Your job is tough, heartbreaking, it requires strength, determination, legal knowledge and law enforcement, yet you conduct yourself with such tenderness, femininity and grace. That duality is something peculiar and innate to women, yet do you think it is one of the reasons men feel freedom to abuse of them?

SA - Absolutely. Certain men though, a specific type of mindset, a specific culture where it is taught that we reside in a male dominated world. I have dealt with and faced these specific mindsets in Pakistan, India and the U.S. I know I will continue to encounter them, as they do not have any prejudices. 

As for the duality, I find that to be fascinating in women and believe it is what makes us so unique and so beautiful. I would not want to lose that about myself as it assures me that I am still good in spite of all the bad I have encountered. 

I disagree with the requirement of eliminating the very element that makes us women.
— Somy Ali

Vulnerability, sentimentalism, romanticism and grace are some values that come natural to women, how can we use them as a source of strength instead of keep hiding them in male dominated environments where power still means, anachronistically, wearing the pants?  

SA - I have learned many lessons in ten years and have dealt with the best and the worst when it comes to humans. I had to teach myself how to use all of the above-mentioned traits with simply one goal in mind: rescue more victims. I disagree with the requirement of eliminating the very element that makes us women. We have many role models that have held on to their femininity, yet, are changing the world. They are ambitious and strong.  

We must remove the stigmas attached to vocalizing sexual abuse
— Somy Ali

You have helped thousands of women and families and children and we are all inspired by you.
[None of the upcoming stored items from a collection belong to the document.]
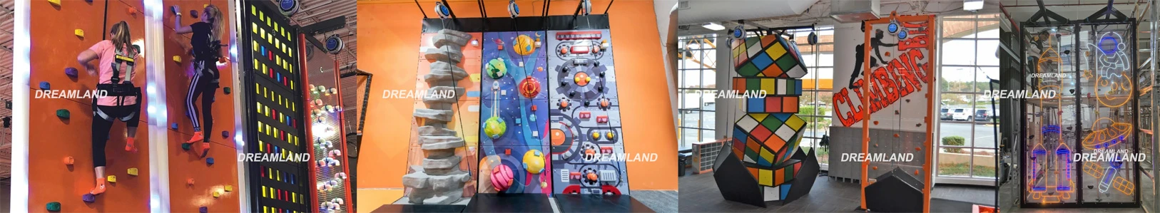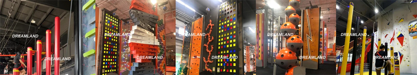The size and style of Dreamland Playground's fun climbing wall can both be customized to suit your needs precisely. It has an overall area of around 25 square meters. The recommended height is 5 to 6 meters. It should be equipped with an automatic belay system. In addition to this, all the climbing wall equipment we supply can be made more fun by adding a timing system, with buttons at the bottom and top to record the player's time through the wall.
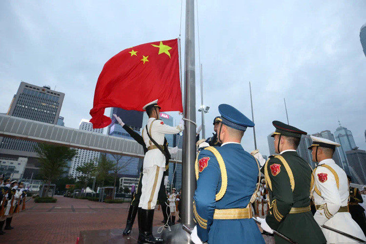 解放军驻香港部队升国旗仪式在中区军用码头举行。驻香港部队供图
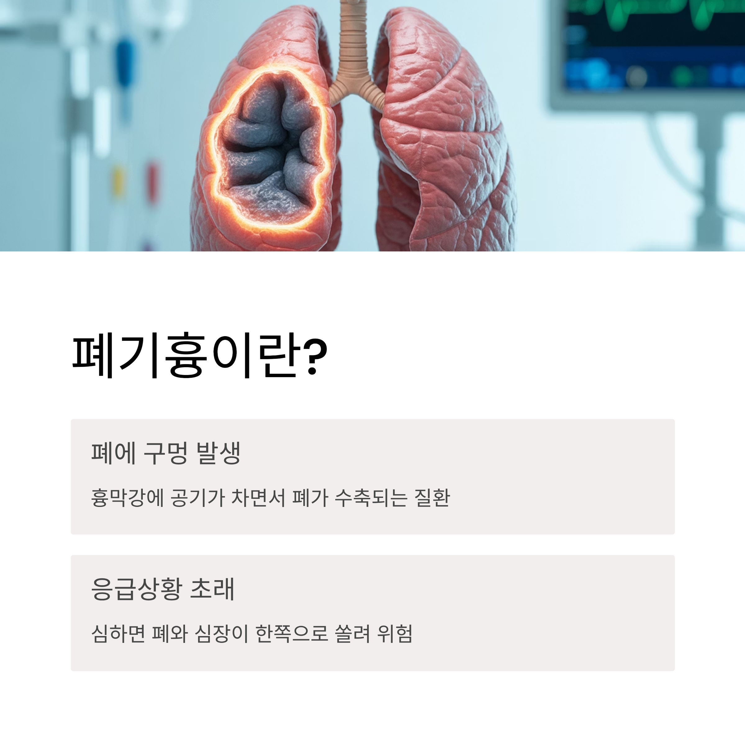 폐기흉은 젊은 층에서도 흔히 발생하는 흉부 질환으로, 갑작스러운 흉통과 호흡곤란을 일으키는 특징이 있습니다. 특히 평소 건강해 보이는 10~30대에게도 나타날 수 있어 주의가 필요합니다.

How do you think we can assist your grassroots tireless job to help break the silence on human trafficking and abusive relationships? How do we tell our children? 

SA - The most important aspect of taking a stand against abuse is talking about it. As a society we must find it normal to discuss these issues at our dinner table. We need to train ourselves to be less selfish. We must remove the stigmas attached to vocalizing sexual abuse. 

I would also encourage people to donate to non-profits where the majority of their funds go towards their mission, not their admin costs. NMT takes pride in using every dollar towards our victims’ services programs and we do not have paid staff, solely volunteers.

We have to speak with our children, as the statistics are terrifying. 325,000 children are at risk for becoming victims of sexual exploitation in the United States. The average age of entry into the sex trade in America is 12–14 years old. And, a pimp can make $150,000-$200,000 per child each year while exploiting an average of 4-6 girls. These stats are real and we really need to sit with our kids and explain this to them.

We can’t win this war by ignoring it and hoping it will go away. This is not a third world country issue, this is happening here. Our children are being trafficked from one state to another.